I didn’t get that from OP’s post at all. Sounds like they’ve taught the kids to observe the dog’s body language and stay away if the dog doesn’t want to be bothered. Sounds like dog ownership 101 to me.


". They know not to approach him on his bed and to never bring friends or strangers around him." WTF.



Strangers inside his home is his big trigger, especially if they try to approach him to give him unsolicited attention. Since we know this, why would we force the issue on him? It’s not a big deal to not be allowed to give a random dog unsolicited attention.
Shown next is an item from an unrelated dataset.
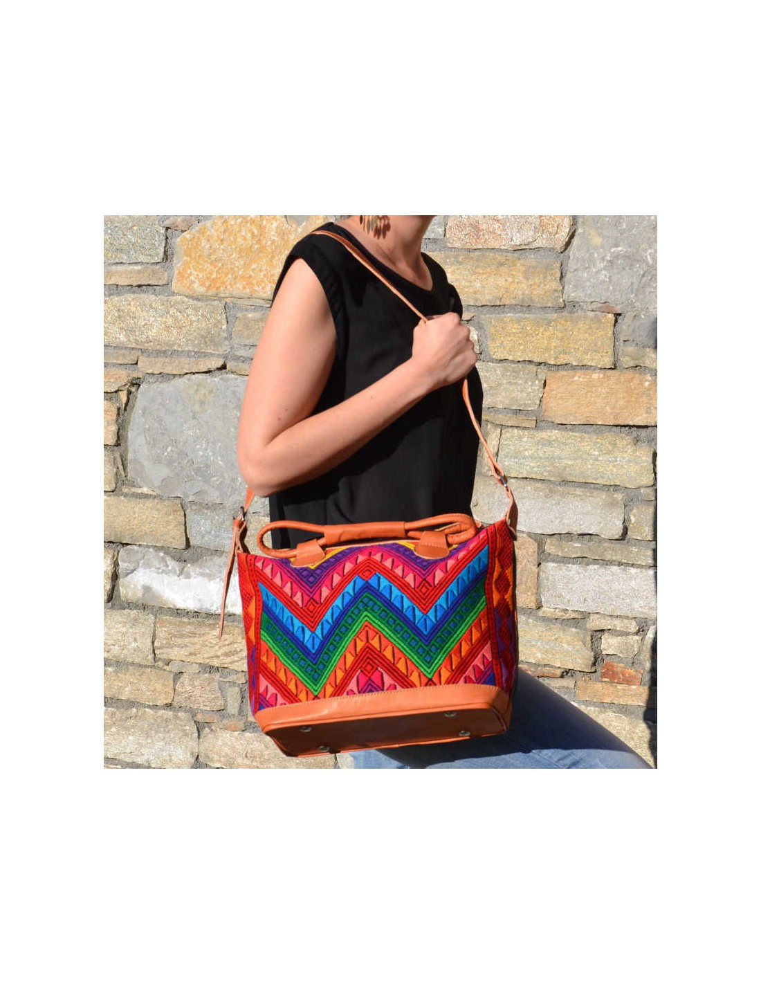 * Materials: LEATHER, HUIPIL. The Huipil is the traditionnal garnment worn by the Mayan Women from Guatemela.

He sleeps in our sunroom off our living room and runs in there whenever people come over. As long as they don’t approach him, it’s all good. He doesn’t care. If they try to come into “his room” in order to pet him, then yeah he barks and growls to say “stay away.”

The kids’ friends know he is not a stranger friendly dog and they are all old enough to follow the rules in someone else’s home. Our big rule is: don’t go near the dog. I don’t see what is wrong with that. The kids don’t care. No one has ever tried to force the issue. My husband or I am always home to make sure that wouldn’t happen anyway.

He is capable of getting used to people (like some of our extended family members and the staff at his daycare) but it takes a long time and repeated exposure.


All this blah blah blah justification doesn’t cover up the fact that you know, deep down, this dog is capable of biting family, friends, and visitors. Good effing luck with that. Way to ignore your instincts and fail to protect your children. Great mom!

Aren’t all dogs? I had a lab as a kid that bit someone who was teasing her.


The thing about labs is, they usually don't bite and, when they do, it isn't damaging. Because they're bred to be bird dogs, to carry a bird safely in their mouths, they have gentle mouths that don't unintentionally do serious damage. They have soft mouths, unlike other breeds.
Anonymous
This dog does not belong with children (even teen children) full stop. Your priority should be having a home that you kids are 100% safe in (and can comfortably invite friends over to) not catering to an antisocial dog.
Anonymous
OP, try to ignore the knee-jerk reactions you are getting. You know the situation -- your family, your dog -- better than any of them. Trust yourself. I've read all your posts and it seems to me you are doing a good job.
Anonymous
Considering you just got it I’m assuming this is a young dog? If it’s still alive when your teens have kids are you going to rehome it in its old age or just accept not being able to host your grandchildren?
Anonymous
Anonymous wrote:
Anonymous wrote:
Anonymous wrote:
Anonymous wrote:
Anonymous wrote:Your.
Kids.
Should.
Not.
Have.
To.
Walk.
On.
Eggshells.
IN THEIR OWN HOME.

I didn’t get that from OP’s post at all. Sounds like they’ve taught the kids to observe the dog’s body language and stay away if the dog doesn’t want to be bothered. Sounds like dog ownership 101 to me.


The dog’s moods and feelings matter more than the kids, got it. The kids cannot be themselves and be carefree and comfortable in their own home; got it.

We had dogs growing up. We were certainly respectful and observant and responsive to their needs, but not out of fear of bites or being mauled.


+1000

OP, think about what lessons you are teaching your children, about how to live in their house and how to train a family dog. They aren't learning any good lessons right now. Re-home the dog. And be more careful if you get another family dog.


Everything she has written about observing and respecting a dog’s body language and boundaries is correct. Dogs are not playthings or toys. They’re also not people. They have different social cues. It’s good to know that you shouldn’t pat a dog on top of its head. They don’t like that. It’s good to know that you shouldn’t try to hug a dog. They’re not primates. They don’t understand hugs. It’s good to know not to make prolonged eye contact with a strange dog. That reads as aggressive to them.

Just because a goofy lab or doodle will let you lay on top of it if you wish does not make other dogs with bigger personal space bubbles “bad dogs.”


+1 Wish people would actually read/learn about dogs and treat them accordingly.